> [Instructions for the task]: Restate the entries below exactly. Images are not part of the copy.
• • • •
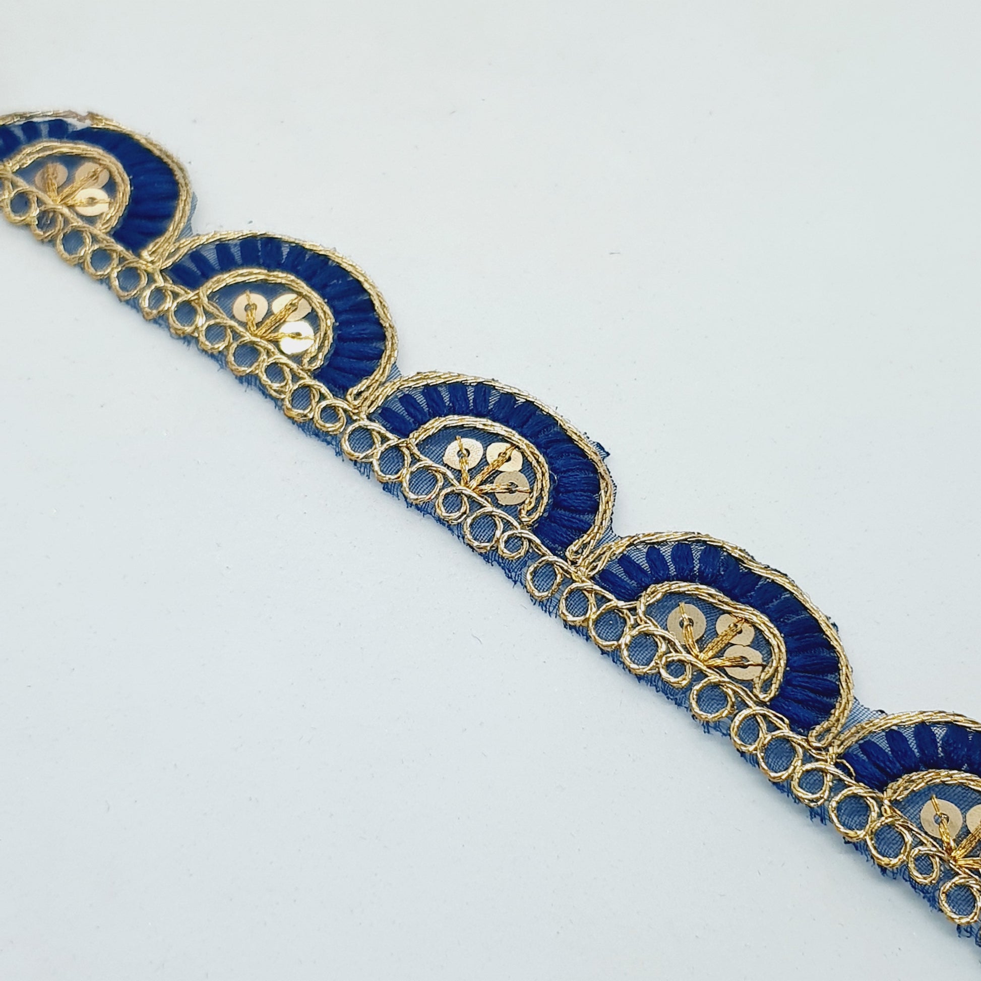 Beautiful Indian trimming with metallic gold detailing with navy blue embroidered pattern and golden sequins. Ideal for furnishings and clothing. It measures approx 2.5cm wide (25mm) and comes in 1 meter lengths. Transform any ordinary piece into a stunning masterpiece with this trimming. Perfect for adding a touch of opulence to furnishings and clothing alike. The intricate gold detailing and rich colour will elevate your designs to the next level.
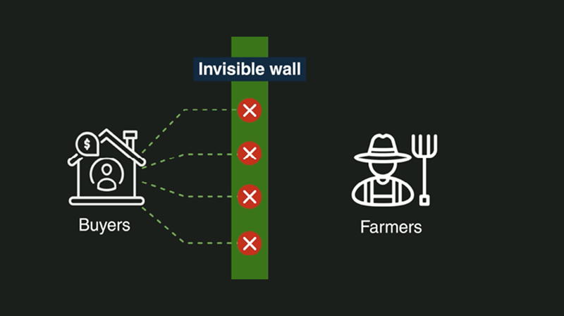 There are three nodes on the agricultural supply chain: buyers, cooperatives and farmers. Buyers cannot reach out to the farmers directly. They have to go through a cooperative to buy produce.
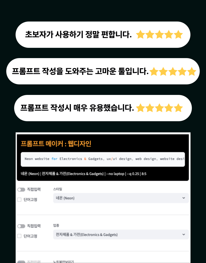 웹 디자인을 위한 미드저니 프롬프트 메이커 (웹기반 프로그램 + PDF 설명서)
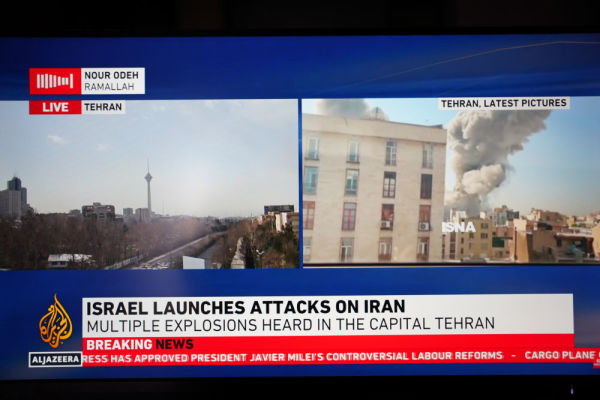 2月28日拍摄的半岛电视台电视直播画面显示的是以色列对伊朗发动袭击
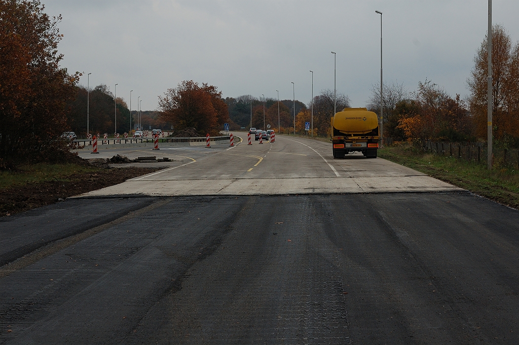 | Overgang van de ongelijkvloerse kruising naar de voorlopig met rust te laten laatste kilometer betonnen rijbaan naar Helmond. Het wordt dus een stukje "gewone" buiten bebouwde kom weg met een Vmax van 80 of 70, ondanks het autosnelwegbeeld. | |
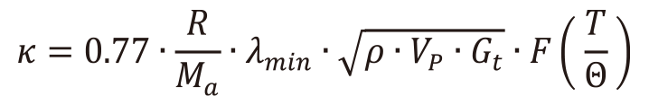 (13)ここで、Mαは平均原子量[g/mol]、NAはアボガドロ定数[mol-1]である。(7)式に(12)式及び(13)式を代入することで、熱拡散率の推定式(14)を得る。
• • • •
> [Exercise solution]:
 Beautiful Indian trimming with metallic gold detailing with navy blue embroidered pattern and golden sequins. Ideal for furnishings and clothing. It measures approx 2.5cm wide (25mm) and comes in 1 meter lengths. Transform any ordinary piece into a stunning masterpiece with this trimming. Perfect for adding a touch of opulence to furnishings and clothing alike. The intricate gold detailing and rich colour will elevate your designs to the next level.
 There are three nodes on the agricultural supply chain: buyers, cooperatives and farmers. Buyers cannot reach out to the farmers directly. They have to go through a cooperative to buy produce.
 웹 디자인을 위한 미드저니 프롬프트 메이커 (웹기반 프로그램 + PDF 설명서)
 2月28日拍摄的半岛电视台电视直播画面显示的是以色列对伊朗发动袭击
 | Overgang van de ongelijkvloerse kruising naar de voorlopig met rust te laten laatste kilometer betonnen rijbaan naar Helmond. Het wordt dus een stukje "gewone" buiten bebouwde kom weg met een Vmax van 80 of 70, ondanks het autosnelwegbeeld. | |
 (13)ここで、Mαは平均原子量[g/mol]、NAはアボガドロ定数[mol-1]である。(7)式に(12)式及び(13)式を代入することで、熱拡散率の推定式(14)を得る。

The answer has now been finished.